The Eighteen Collective were invited to the Indianapolist Museum of Art at Newfields to have a year-long exhibit that would display their individual pieces outside of the mural. This exhibit, titled "We. The Culture," was up in the museum from September 2022 until September 2023, and it included two paintings by Rhodes: "Colored King" and "Woman in Paradise".

For the Philadelphia Flower Show, the museum invited Rhodes to create a mural that would highlight the concept of art in nature. Rhodes painted birds spreading seeds over a garden and into places where they previously were not "allowed to grow" as a symbolic representation of how he expected to see Newfields's connection with the underrepresented artists in the community grow. Rhodes uses floral elements as a symbolic representation of the possibility of growth and good things to come. The mural was titled "Newfound Fields" by Rhodes and was made up of eighteen 4-foot by 8-foot panels painted by the artist in a little over a month. The work won The Philadelphia Trophy, The Pennsylvania Horticultural Society (PHS) Council Trophy, and the PHS gold medal.

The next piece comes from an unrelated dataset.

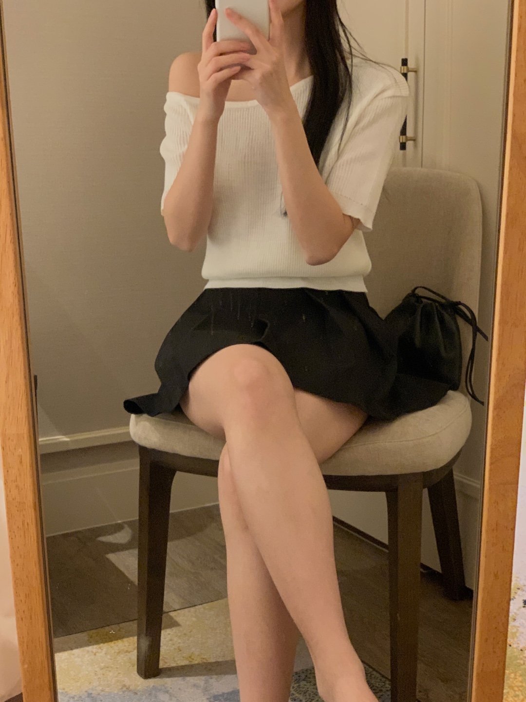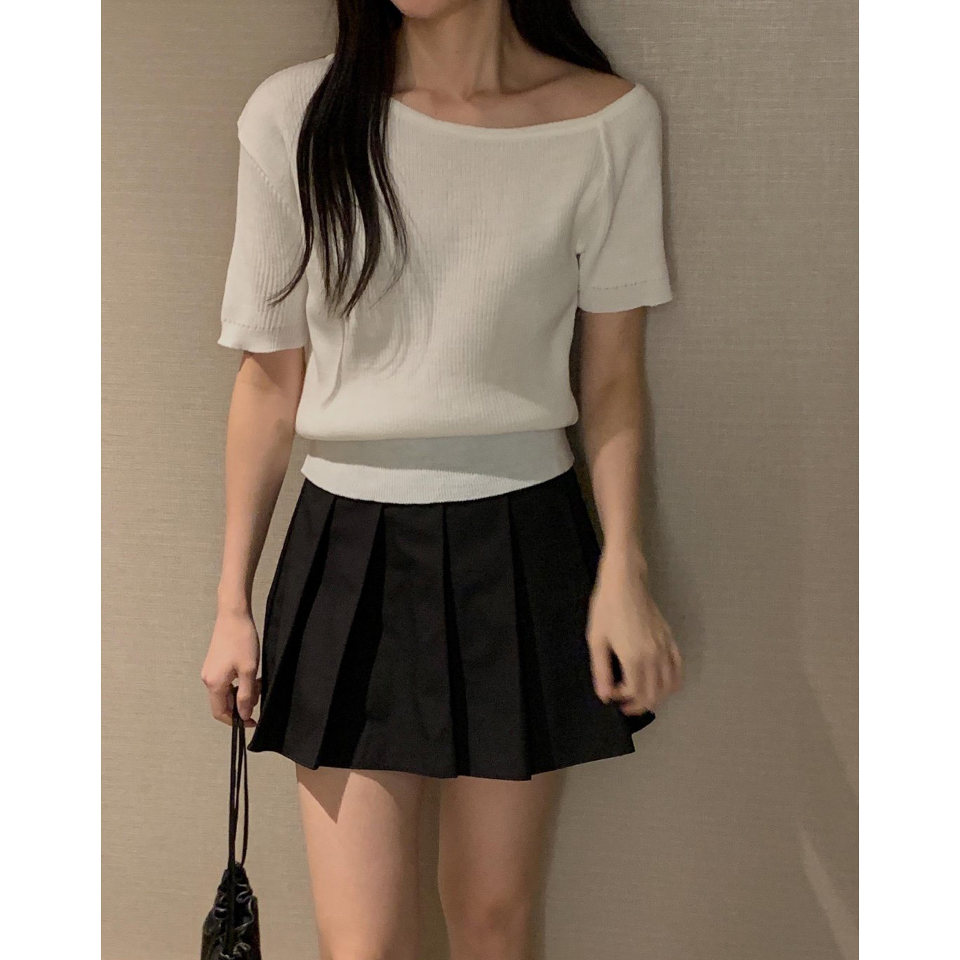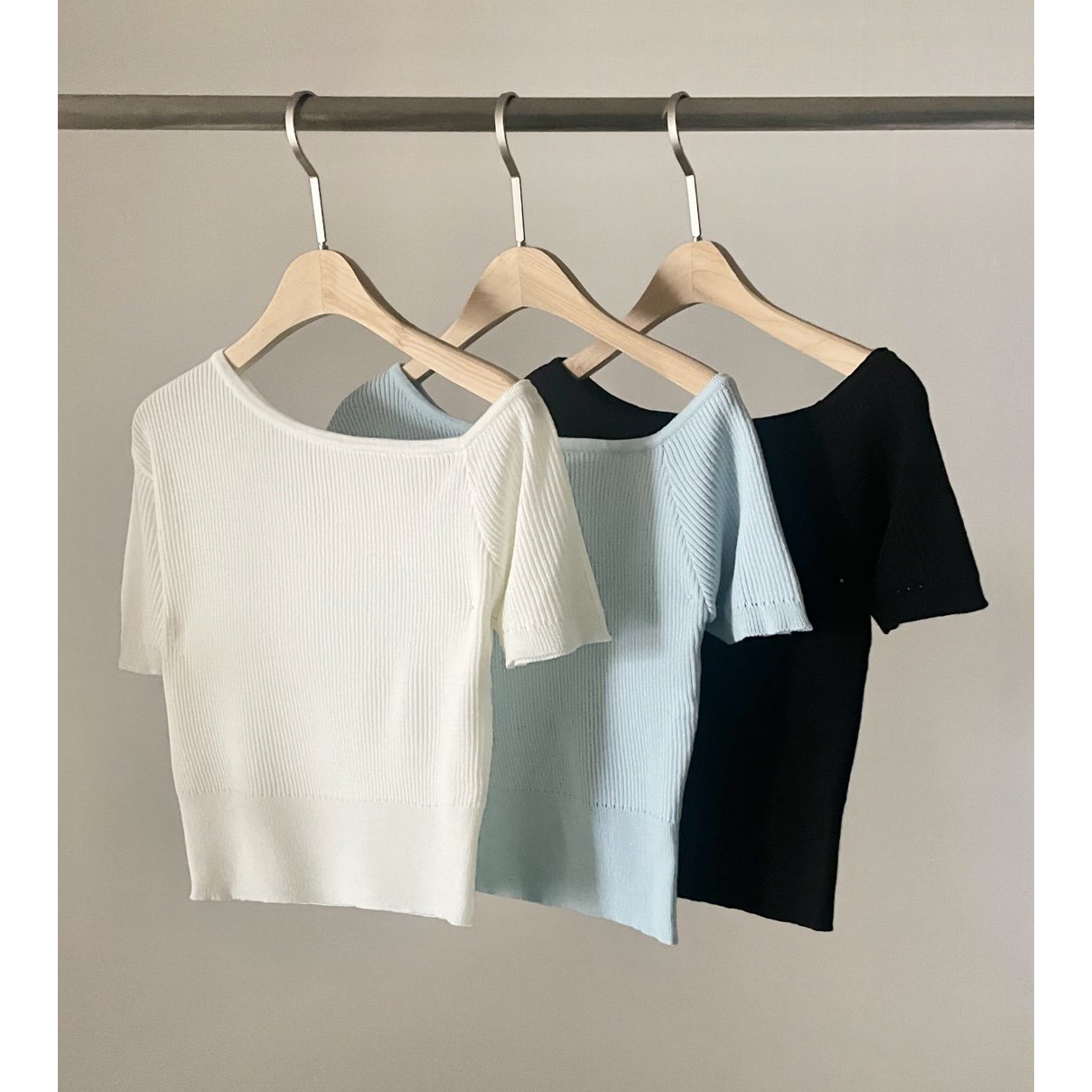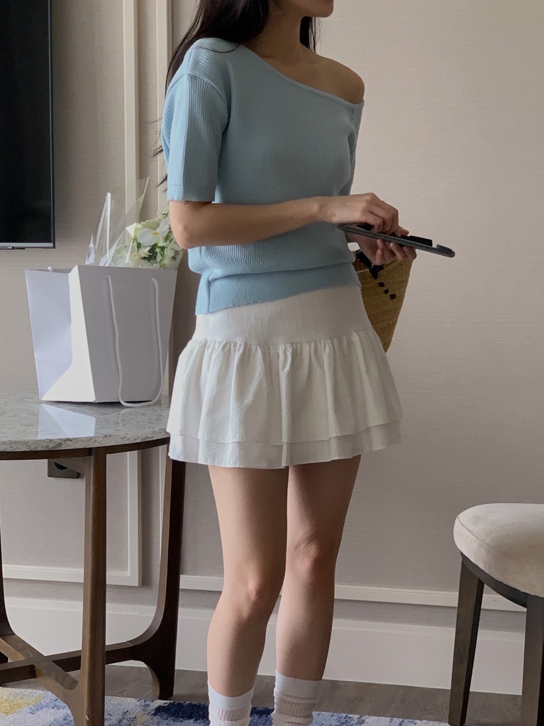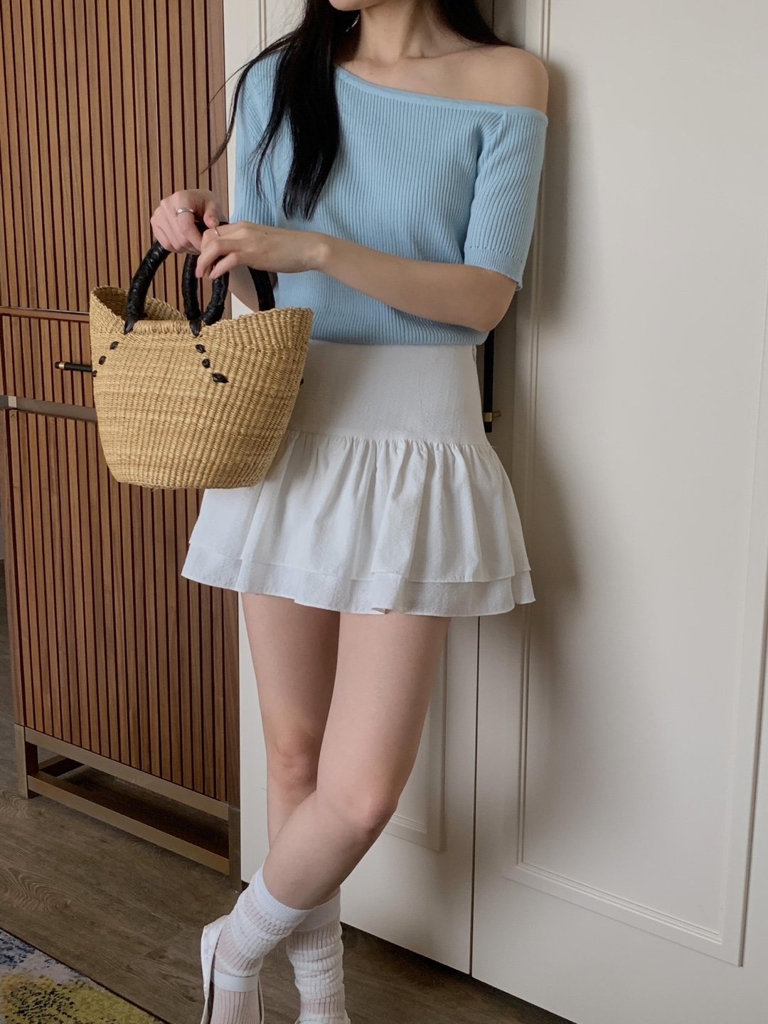 피움 오프 숄더 언발 넥 반팔 골지 니트

In May 2023, Newfields reopened their American galleries under the title "Work in Progress: Conversations about American Art", featuring two of Rhodes' paintings: "Big White System" (2022) and "Red Handed" (2022). The artists selected to contribute work called themselves "The Looking Glass Alliance" and included Nasreen Khan, Tatjana Rebelle, Jordan Ryans, Bobby Young, and Rhodes. Rhodes contributed to the development of "Work in Progress" by painting two pieces in response to preexisting paintings in the Newfields collection with the aim of filling in the blanks in the original paintings' narratives. "Red Handed," referred to the red handprint from the Black Lives Matter mural, and was painted in response to Barkley Hendricks's "Dr. Kool" (1973) painting. Rhodes depicted a contemporary black man "caught" being black in the light of America's criticism While the man is depicted as confident, even holding a peacock feather in his breast pocket to symbolize the pride he has in his Blackness, the style of clothing he is wearing could be seen as funerary. Rhodes intended "Red Handed" to show what happens to a black man who is targeted based on his outward appearance. "Big White System" was Rhodes's response to John Wesley Hardrick's "Little Brown Girl" (1927). "Big White System" was meant to highlight the "omitted" historical context behind "Little Brown Girl," which was painted during a time in which the Ku Klux Klan was having a resurgence in Indiana.

In 2024, Rhodes was selected to be a part of the All Lanes Lead to Indy Art Project. The Indy Arts Council, Indiana Sports Corp. and USA Swimming chose five artists to create original artwork to welcome attendees of the U.S. Olympic Swimming Trials at the Lucus Oil Stadium in Indianapolis. Joy Hernandez, Lucie Rice, Mary Mindiola, and Monroe Bush and Rhodes were selected. Rhodes's piece was a painting titled "Emerge," and aimed to bring attention to those in the black community who might not have the money for swim classes.

In late 2024, Rhodes' work was featured in "Self-serenades." The exhibition was a collaboration between the Indianapolis Symphony Orchestra and GANGGANG, and included two exhibitions ("Self-Serenades" and "Hector Del Campo: Perennial Topographies") located in the Oval Promenade and Wood Room at the Hilbert Circle Theatre.

== Work ==

- "Colored King" and "Woman of Paradise," We. The Culture at Newfields (2022–2023)
- PHS Philadelphia Flower Show Mural (2023)
- Work in Progress: Conversations about American Art (2023)
- "Monkey See, Monkey Do," BUTTER Art Fair, 2023.
- "Reasons" at the Indiana Memorial Union art collection, Indiana University, Bloomington.